• Work to be completed:
Go to the line with "Ambiente: Bahnhofswirtschaft sein" in the material below and copy from there through the line with "Vintage sterling silver", exactly. Pictures are not copied.

• Supplied data:
::::::::::
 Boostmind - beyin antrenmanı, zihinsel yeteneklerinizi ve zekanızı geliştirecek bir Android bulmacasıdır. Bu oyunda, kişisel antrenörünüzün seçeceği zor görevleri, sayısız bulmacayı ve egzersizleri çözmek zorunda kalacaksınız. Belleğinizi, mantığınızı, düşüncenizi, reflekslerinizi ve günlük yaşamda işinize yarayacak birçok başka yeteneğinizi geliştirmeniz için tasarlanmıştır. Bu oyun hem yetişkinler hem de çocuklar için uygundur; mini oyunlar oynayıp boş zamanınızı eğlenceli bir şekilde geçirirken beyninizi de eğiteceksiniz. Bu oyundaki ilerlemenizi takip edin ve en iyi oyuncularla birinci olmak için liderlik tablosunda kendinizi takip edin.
::::::::::
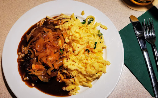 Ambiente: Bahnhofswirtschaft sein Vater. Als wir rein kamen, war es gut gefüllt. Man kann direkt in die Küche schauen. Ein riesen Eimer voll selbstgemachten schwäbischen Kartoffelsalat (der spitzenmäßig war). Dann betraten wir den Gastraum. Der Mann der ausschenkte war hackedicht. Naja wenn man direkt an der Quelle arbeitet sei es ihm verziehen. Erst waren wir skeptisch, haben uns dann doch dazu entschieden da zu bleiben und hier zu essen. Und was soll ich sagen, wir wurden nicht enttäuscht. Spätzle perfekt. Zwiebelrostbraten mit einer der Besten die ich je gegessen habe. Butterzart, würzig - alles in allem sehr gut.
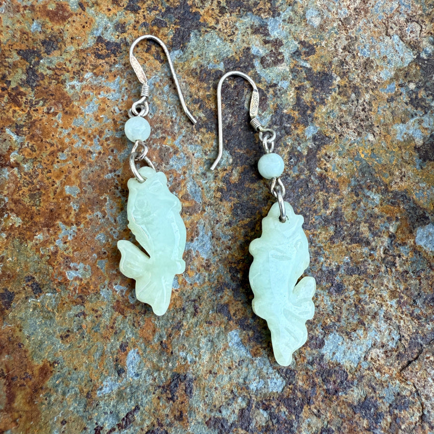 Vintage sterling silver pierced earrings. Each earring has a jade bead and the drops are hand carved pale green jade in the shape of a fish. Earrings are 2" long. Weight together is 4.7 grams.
::::::::::
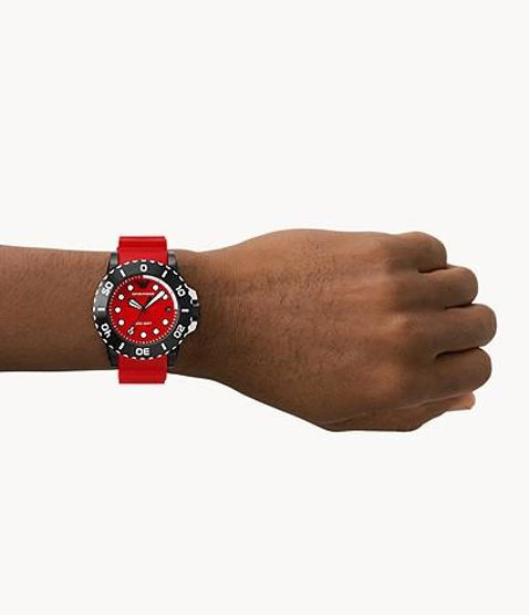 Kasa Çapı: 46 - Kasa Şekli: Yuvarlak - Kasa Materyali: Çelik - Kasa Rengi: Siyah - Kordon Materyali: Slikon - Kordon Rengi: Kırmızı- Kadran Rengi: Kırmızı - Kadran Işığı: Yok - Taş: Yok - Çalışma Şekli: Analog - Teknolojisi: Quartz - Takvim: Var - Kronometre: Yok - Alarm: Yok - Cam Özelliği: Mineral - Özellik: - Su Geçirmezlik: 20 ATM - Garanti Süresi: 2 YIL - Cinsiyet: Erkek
::::::::::
• Task response:
 Ambiente: Bahnhofswirtschaft sein Vater. Als wir rein kamen, war es gut gefüllt. Man kann direkt in die Küche schauen. Ein riesen Eimer voll selbstgemachten schwäbischen Kartoffelsalat (der spitzenmäßig war). Dann betraten wir den Gastraum. Der Mann der ausschenkte war hackedicht. Naja wenn man direkt an der Quelle arbeitet sei es ihm verziehen. Erst waren wir skeptisch, haben uns dann doch dazu entschieden da zu bleiben und hier zu essen. Und was soll ich sagen, wir wurden nicht enttäuscht. Spätzle perfekt. Zwiebelrostbraten mit einer der Besten die ich je gegessen habe. Butterzart, würzig - alles in allem sehr gut.
 Vintage sterling silver pierced earrings. Each earring has a jade bead and the drops are hand carved pale green jade in the shape of a fish. Earrings are 2" long. Weight together is 4.7 grams.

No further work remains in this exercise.